Davidbo, what I meant by characterizing your view as no “future suffering,” is precisely what you fleshed out here as everyone waking up with no need to experience “correction.” As usual, I seem to occupy a middle ground, which repudiates retribution, but does traditionally see God as at work in seeking to refine our character even in the painful consequences of our choices. As Derek and I have found, clarifying how to best formulate God’s role in such things, and yet avoid a perverse view of God that encourages us to pursue anything less than Jesus’ compassion is mysteriously challenging, and our varying sensibilities may find differing solutions preferable.

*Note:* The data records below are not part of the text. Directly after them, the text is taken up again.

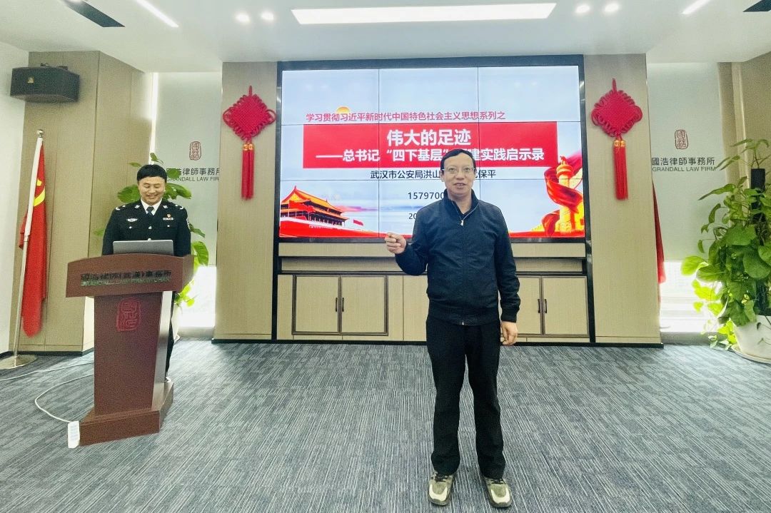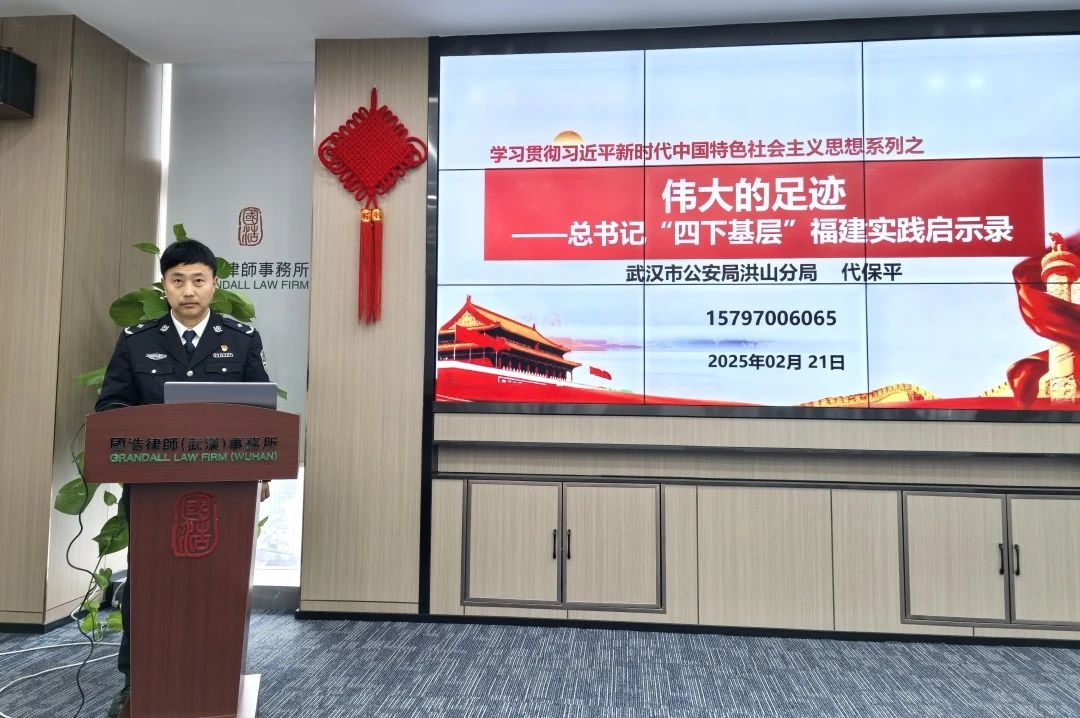 2月21日,國浩武漢黨支部開展“學思踐悟新思想,砥礪奮進新征程”專題紅色宣講活動,特邀武漢市公安局洪山區(qū)分局正處級民警、三級警監(jiān),公安作家,《青年的榜樣—— 一位基層民警的讀書筆記》一書作者代保平作為主講人,以《偉大的足跡——總書記“四下基層”福建實踐啟示錄》為題,為大家?guī)硪粓黾婢呃碚撋疃扰c實踐溫度的黨課。國浩武漢管理合伙人、主任夏少林,國浩武漢黨支部書記、管理合伙人董超英等律師參與活動。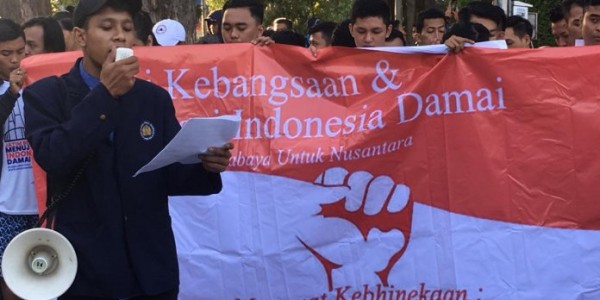 Telusur.co.id - Menyikapi dinamika sosial politik pasca Pemilu 2019, Aliansi Mahasiswa Surabaya gelar Orasi Kebangsaan dan Deklarasi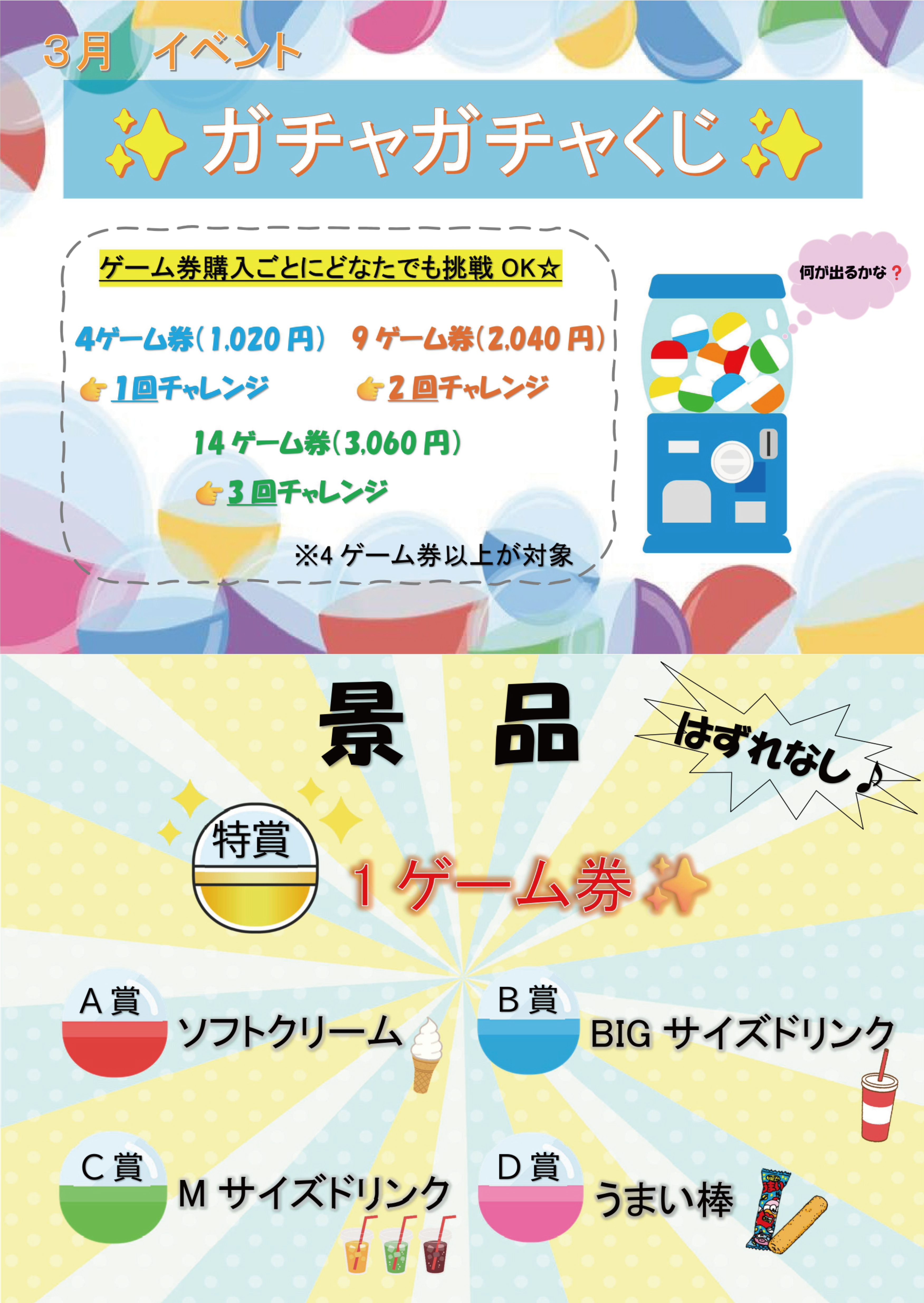 - 2026.03.013月イベント【ガチャガチャくじ】開催中!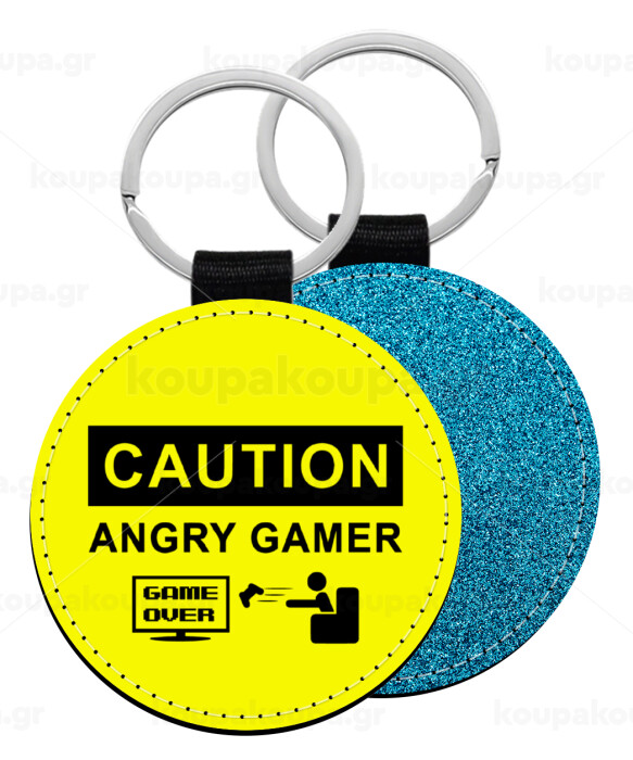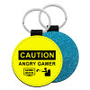 Caution, angry gamer!, Μπρελόκ Δερματίνη, στρογγυλό ΜΠΛΕ (5cm)

It may be best to focus on the central values that we should all want to be upheld. I know the traditional universalist assumption that God wants, not to remove some supposed retributive penalty, but to heal, restore, and correct us, is fearfully alienating to those who are fearful about God and his judgment. My own assumptions about how God would pursue this in light of the love I see in Christ, means that I find it easy to trust that I don’t need to fear God’s dealings with me, anymore than I should fear the dealings of the very best of human fathers. Love always seeks & preserves my welfare.

Derek,

huh? I don’t think David holds to any form of retribution. Bob, as far as I know is does not believe in retribution. I would be the only one to fit those premises into my belief. So when you say “both sides of the discussion” is confusing to me. I can understand you’re assertion as applying to me, but not Dave or Bob.

Were you just addressing “you guys” in general terms or were you referring to Bob and Dave?